Aim of the task ->
What is needed is a word-for-word copy of the listing below, without pictures.

Dataset excerpt ->
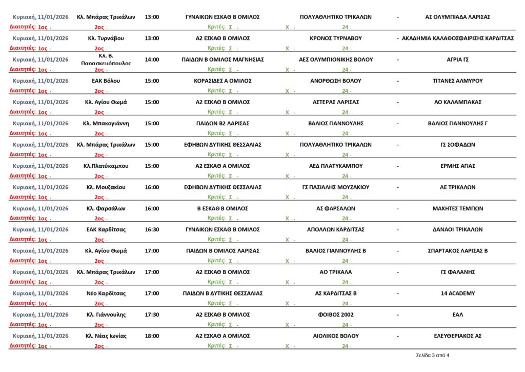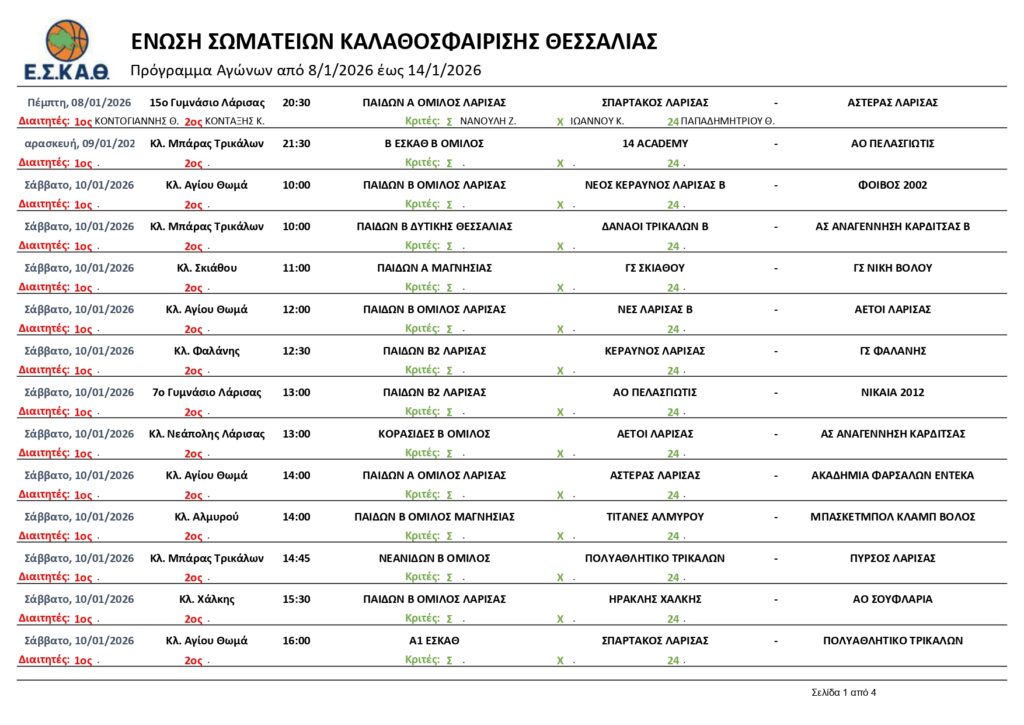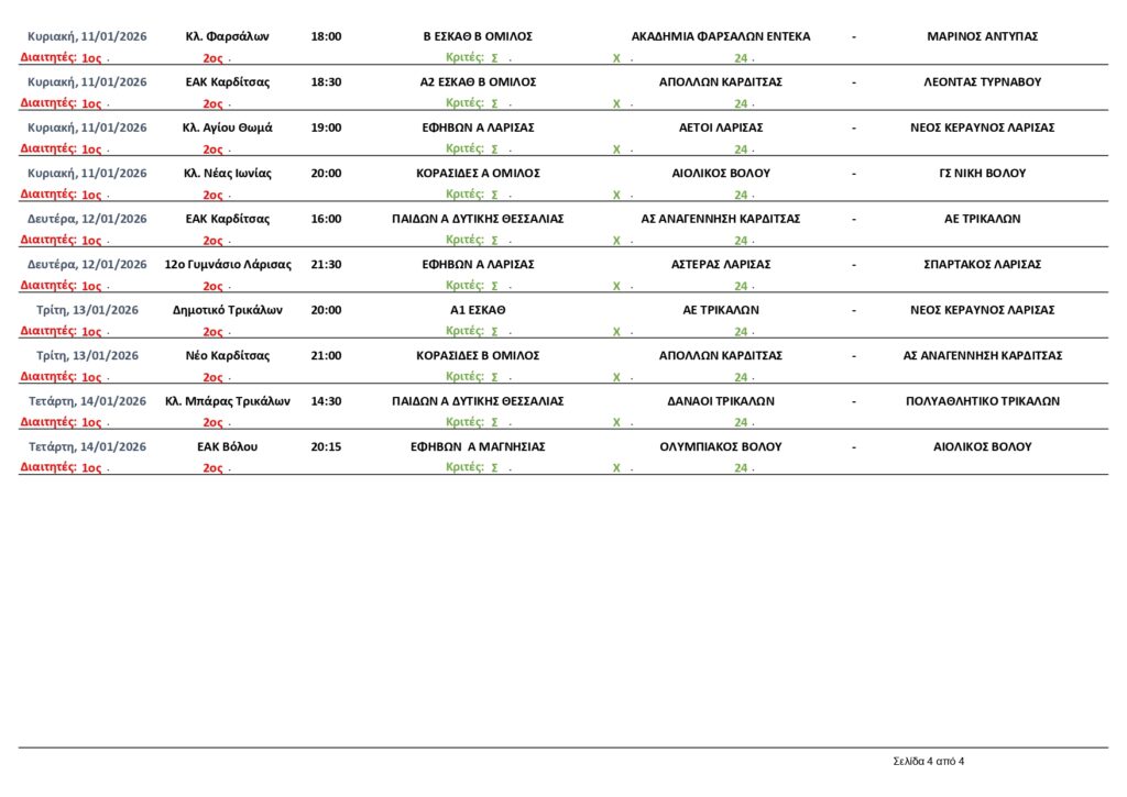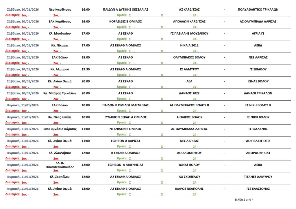 Αρχική | Διάφορα | ΠΡΟΓΡΑΜΜΑ ΑΓΩΝΩΝ ΕΣΚΑΘ (9-14/1/2026)
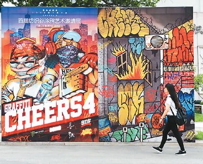 圖為游客走過(guò)青島紡織谷涂鴉宣傳畫前。 王海濱攝(人民視覺(jué))
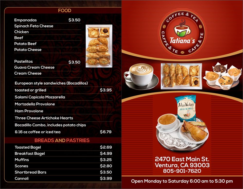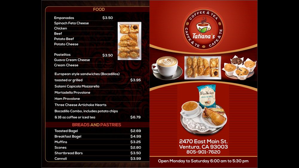Tatiana's Coffee and Tea is a Latinx-owned and women-owned cafe located at 2470 E Main St Ventura, CA 93003. Their menu features a diverse selection of coffee, tea, and alcoholic beverages, along with Latin-inspired snacks and pastries. The cafe offers takeout, delivery, and catering services, making it convenient for customers on the go. With a cozy outdoor seating area, free Wi-Fi, and gender-neutral restrooms, Tatiana's is an inclusive and welcoming space for all. What sets them apart is their commitment to sustainability, offering plastic-free packaging and allowing customers to bring their own containers. Whether you're looking for a quiet spot to work or a place to catch up with friends, Tatiana's Coffee and Tea has something for everyone.
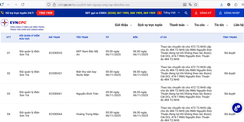 | 21 | Đội quản lý điện Núi Thành | BH23BT38 | Cục Hậu Cần Quân Khu 5 | 06:00 06/11/2025 | 12:00 06/11/2025 | ĐQLĐ Núi Thành đăng ký SCTX thay khóa dây, chuổi sứ polime, móc U, tiếp xúc lèo tại trụ 190 đến trụ 191/5, trụ 193/1 đến trụ 193/6 XT 485 KHA; Thu hồi TU tại trụ 196 XT 485 KHA; Bảo dưỡng MBA TBA Cảng Kỳ Hà tại trụ 191/1/4- 191/1/5 XT 485 KHA (SCTX 2025) | Đã duyệt |

Response ->
 Αρχική | Διάφορα | ΠΡΟΓΡΑΜΜΑ ΑΓΩΝΩΝ ΕΣΚΑΘ (9-14/1/2026)
 圖為游客走過(guò)青島紡織谷涂鴉宣傳畫前。 王海濱攝(人民視覺(jué))
Tatiana's Coffee and Tea is a Latinx-owned and women-owned cafe located at 2470 E Main St Ventura, CA 93003. Their menu features a diverse selection of coffee, tea, and alcoholic beverages, along with Latin-inspired snacks and pastries. The cafe offers takeout, delivery, and catering services, making it convenient for customers on the go. With a cozy outdoor seating area, free Wi-Fi, and gender-neutral restrooms, Tatiana's is an inclusive and welcoming space for all. What sets them apart is their commitment to sustainability, offering plastic-free packaging and allowing customers to bring their own containers. Whether you're looking for a quiet spot to work or a place to catch up with friends, Tatiana's Coffee and Tea has something for everyone.
 | 21 | Đội quản lý điện Núi Thành | BH23BT38 | Cục Hậu Cần Quân Khu 5 | 06:00 06/11/2025 | 12:00 06/11/2025 | ĐQLĐ Núi Thành đăng ký SCTX thay khóa dây, chuổi sứ polime, móc U, tiếp xúc lèo tại trụ 190 đến trụ 191/5, trụ 193/1 đến trụ 193/6 XT 485 KHA; Thu hồi TU tại trụ 196 XT 485 KHA; Bảo dưỡng MBA TBA Cảng Kỳ Hà tại trụ 191/1/4- 191/1/5 XT 485 KHA (SCTX 2025) | Đã duyệt |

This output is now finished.